* [Your instructions] Nothing but the pictures should be dropped when the records are transcribed word for word.

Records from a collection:
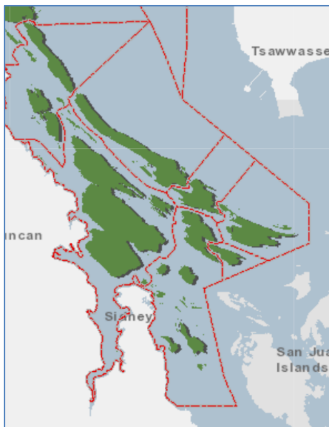
Figure 1 Local Trust Area Boundaries

A local community commission, with an elected membership, is a form of delegated commission within a regional district electoral area, under the Local Government Act . In December, 2022 the Capital Regional District (CRD) Board adopted a bylaw to establish a Salt Spring Island (SSI) LCC, following voter endorsement by referendum (Attachment 2). The SSI LCC will be comprised of five members, one of whom will be the Electoral Area Director for Salt Spring Island. A public election will be held for four commissioners in accordance with the LGA on May 27. The scope of authority of the SSI LCC covers the extent of the Salt Spring Island Electoral Area of the Capital Regional District. The area is mostly contained within the Salt Spring Island Local Trust Area (SS LTA) 1 , but does not contain all of it. Figures 1 and 2 below show the boundaries of each. The SSI LCC Area does not include other islands within the SS LTA such as Piers Island, Prevost Island, Wallace Island, the Secretary Islands, and Mowgli Island as well as the marine area extending into the Saanich inlet and along Vancouver Island.
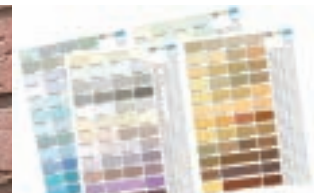
Colour chart for render
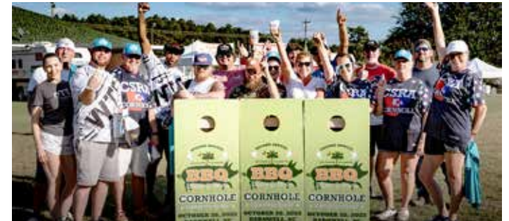
FAMILY FUN INCLUDING HALLOWEEN ACTIVITIES & A CORNHOLE TOURNAMENT

Your Sponsorship is important to help bring all of these elements together for this annual event that supports your local Chamber of Commerce! It ensures we continue to improve the vitality of local businesses in Barnwell & Allendale Counties through important programs and economic development efforts.

* [Task response]
Figure 1 Local Trust Area Boundaries

A local community commission, with an elected membership, is a form of delegated commission within a regional district electoral area, under the Local Government Act . In December, 2022 the Capital Regional District (CRD) Board adopted a bylaw to establish a Salt Spring Island (SSI) LCC, following voter endorsement by referendum (Attachment 2). The SSI LCC will be comprised of five members, one of whom will be the Electoral Area Director for Salt Spring Island. A public election will be held for four commissioners in accordance with the LGA on May 27. The scope of authority of the SSI LCC covers the extent of the Salt Spring Island Electoral Area of the Capital Regional District. The area is mostly contained within the Salt Spring Island Local Trust Area (SS LTA) 1 , but does not contain all of it. Figures 1 and 2 below show the boundaries of each. The SSI LCC Area does not include other islands within the SS LTA such as Piers Island, Prevost Island, Wallace Island, the Secretary Islands, and Mowgli Island as well as the marine area extending into the Saanich inlet and along Vancouver Island.
Colour chart for render
FAMILY FUN INCLUDING HALLOWEEN ACTIVITIES & A CORNHOLE TOURNAMENT

Your Sponsorship is important to help bring all of these elements together for this annual event that supports your local Chamber of Commerce! It ensures we continue to improve the vitality of local businesses in Barnwell & Allendale Counties through important programs and economic development efforts.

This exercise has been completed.